Data under study START

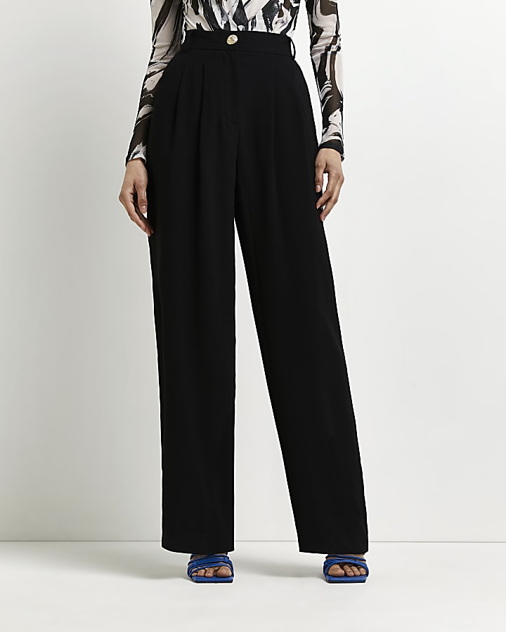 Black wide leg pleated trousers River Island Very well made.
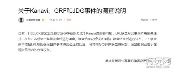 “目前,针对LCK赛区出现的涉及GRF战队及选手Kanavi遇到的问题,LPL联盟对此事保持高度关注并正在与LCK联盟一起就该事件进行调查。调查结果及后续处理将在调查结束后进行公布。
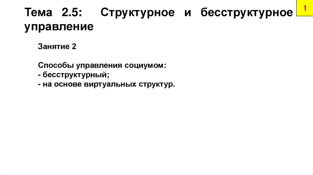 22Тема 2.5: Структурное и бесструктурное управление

Data under study END
Data under study START

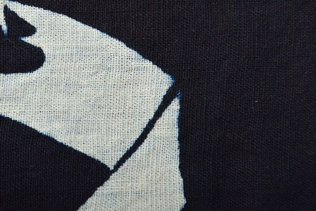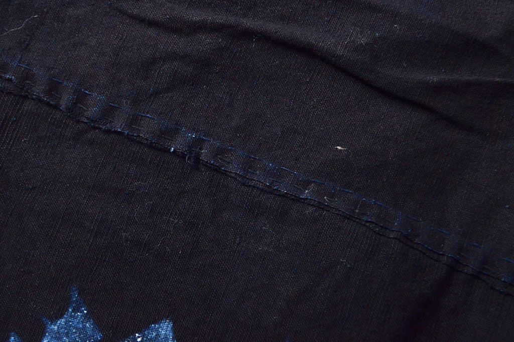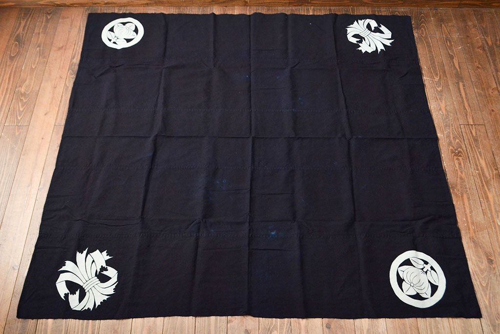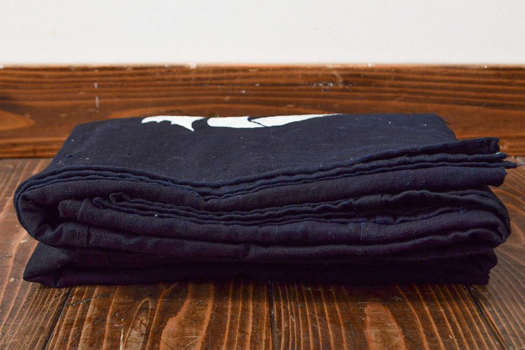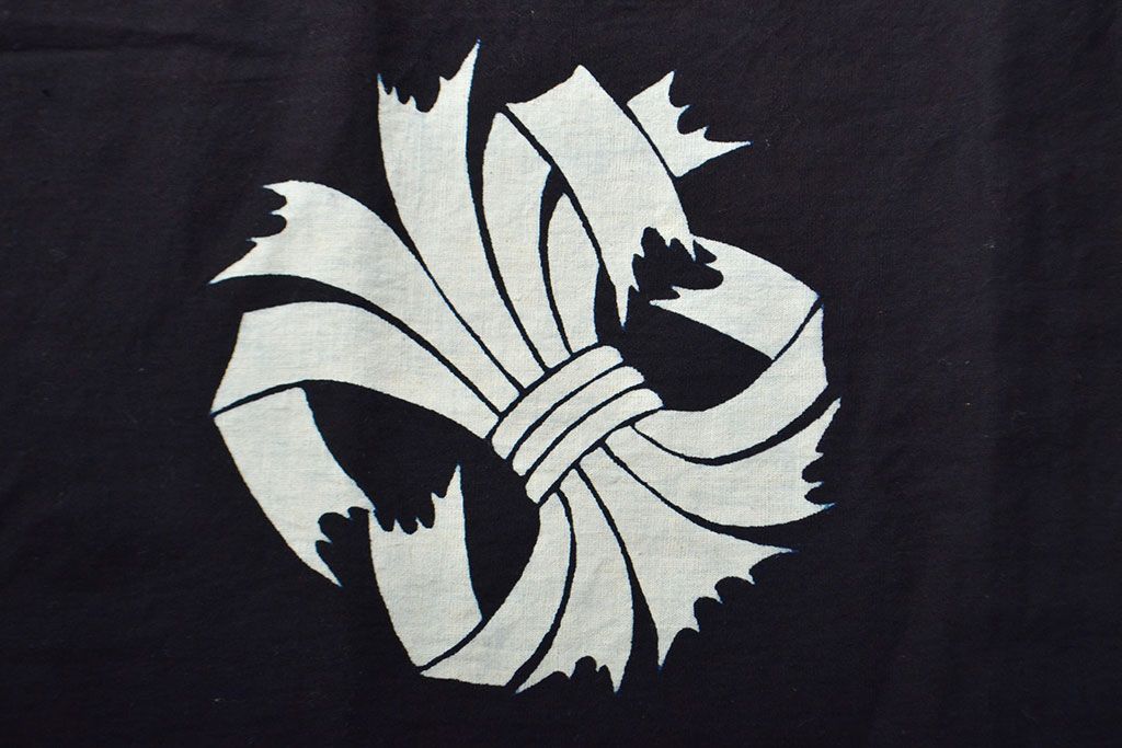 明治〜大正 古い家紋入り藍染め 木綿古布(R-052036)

Data under study END
Data under study START

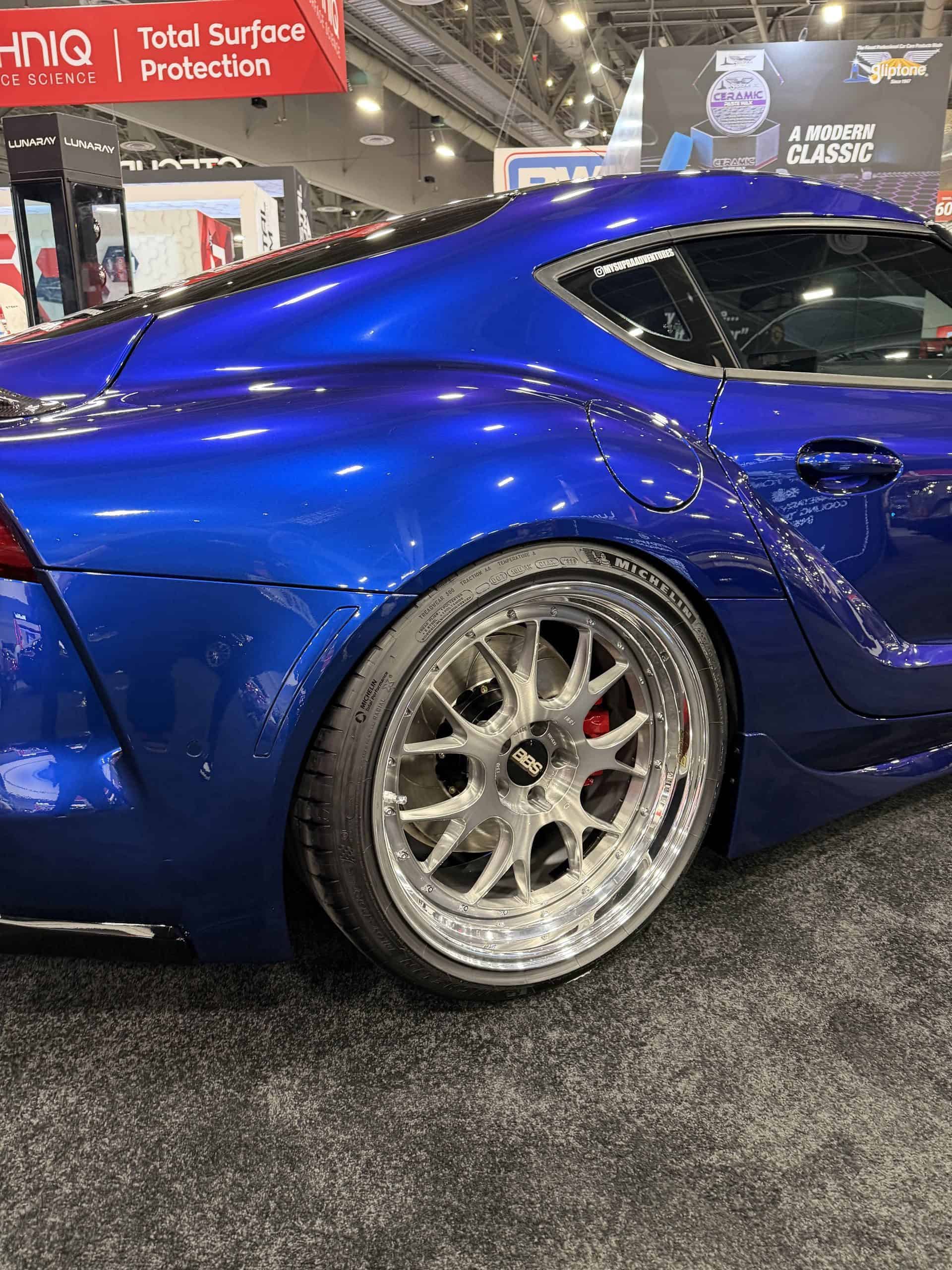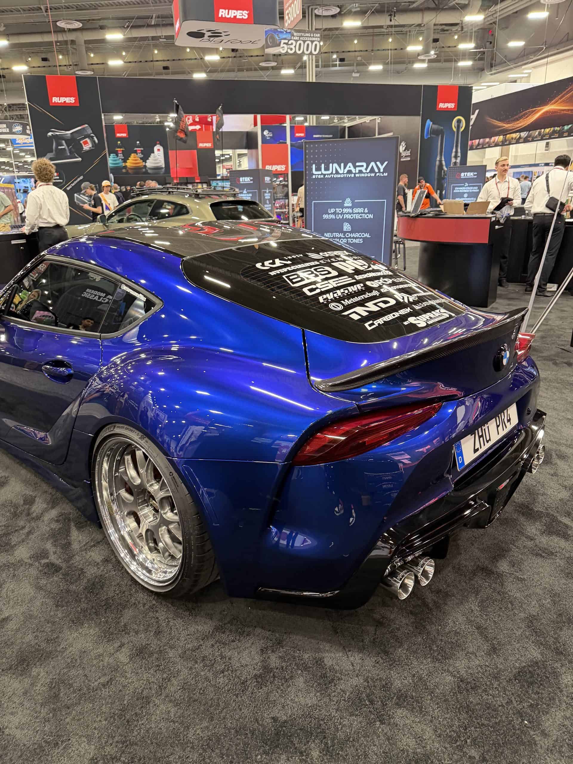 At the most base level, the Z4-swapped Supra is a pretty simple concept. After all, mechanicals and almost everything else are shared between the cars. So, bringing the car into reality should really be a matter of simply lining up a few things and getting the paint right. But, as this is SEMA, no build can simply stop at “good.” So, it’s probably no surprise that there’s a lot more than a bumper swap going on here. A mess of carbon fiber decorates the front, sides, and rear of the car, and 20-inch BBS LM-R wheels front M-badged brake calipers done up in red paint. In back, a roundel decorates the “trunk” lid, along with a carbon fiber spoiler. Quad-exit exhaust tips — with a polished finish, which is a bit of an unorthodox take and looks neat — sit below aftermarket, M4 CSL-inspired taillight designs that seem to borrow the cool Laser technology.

Data under study END

• [Problem statement]: Write down exactly what the lines above say, from the line holding "Black wide leg" through the line holding "22Тема 2.5: Структурное", and nothing more. Do not copy the pictures.

• [Solution to this problem]:
 Black wide leg pleated trousers River Island Very well made.
 “目前,针对LCK赛区出现的涉及GRF战队及选手Kanavi遇到的问题,LPL联盟对此事保持高度关注并正在与LCK联盟一起就该事件进行调查。调查结果及后续处理将在调查结束后进行公布。
 22Тема 2.5: Структурное и бесструктурное управление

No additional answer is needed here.